Ob: Recentemente, diante do governo Bolsonaro e dos impactos da crise, vimos importantes paralisações de entregadores de aplicativo, outro setor essencial na pandemia. A partir do Observatório da Precarização do Trabalho e da Reestruturação Produtiva, acreditamos que a uberização é uma tendência do mundo do trabalho que tende a se expandir. Qual relação você vê entre os impactos da Reforma Trabalhista e a uberização do trabalho?

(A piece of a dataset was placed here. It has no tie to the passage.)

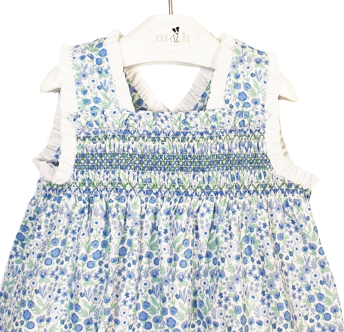 Vestido de verano sin mangas en algodón, flor azul y verde . Hecho en España por m&h. Cubrepañal incluido hasta 2A
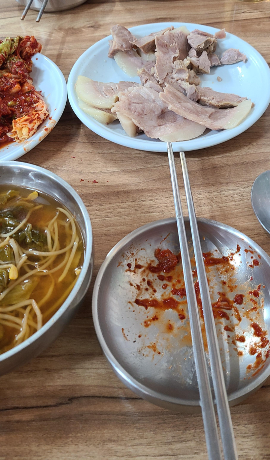 아래 접시에 나오는 수육양이 2인분입니다. 조금 먹은 후인데 양이 많지 않습니다.

PL: A reforma trabalhista, me parece, busca generalizar uma série de condições de precariedade e vulnerabilidade do trabalho que já existia, seja na informalidade, seja nos setores com piores condições de trabalho em que a burla à legislação trabalhista sempre foi recorrente. Na medida em que aproxima o trabalho formal regido pela CLT ao trabalho informal, a reforma expressa um movimento diferente, por dentro da institucionalidade, mas que se aproxima do modelo de relação de trabalho e de “ideal” de trabalhador daquele que identificamos no processo de uberização do trabalho. Modalidades criadas com a reforma como o teletrabalho, por exemplo, já incorporam a responsabilidade do trabalhador pelos seus meios de trabalho. Do mesmo modo, o trabalho intermitente já pressupõe que o trabalhador tenha que garantir seus meios de ser convocado à atividade e deve arcar com os riscos do trabalho, sem a garantia de uma remuneração mínima. Essas características estão na essência do processo de uberização que, claro, se complexifica com o surgimento e proliferação dos aplicativos. Além disso, através de uma relação não mais mediada pelo contrato de trabalho, a uberização aprofunda e difunde elementos que já estavam presentes no que eu chamei de “ideologia corporativa” no modelo de gestão de empresas como o Walmart. Entre eles destacam-se o discurso de autonomia e autogerenciamento pelo trabalhador em atividades altamente prescritas e sob rígidos mecanismos de controle. Mecanismos estes naturalizados como ferramentas tecnológicas neutras que servem à super concentração de poder no topo dessas empresas e dificultam a resistência e trazem novos desafios à organização coletiva desses trabalhadores.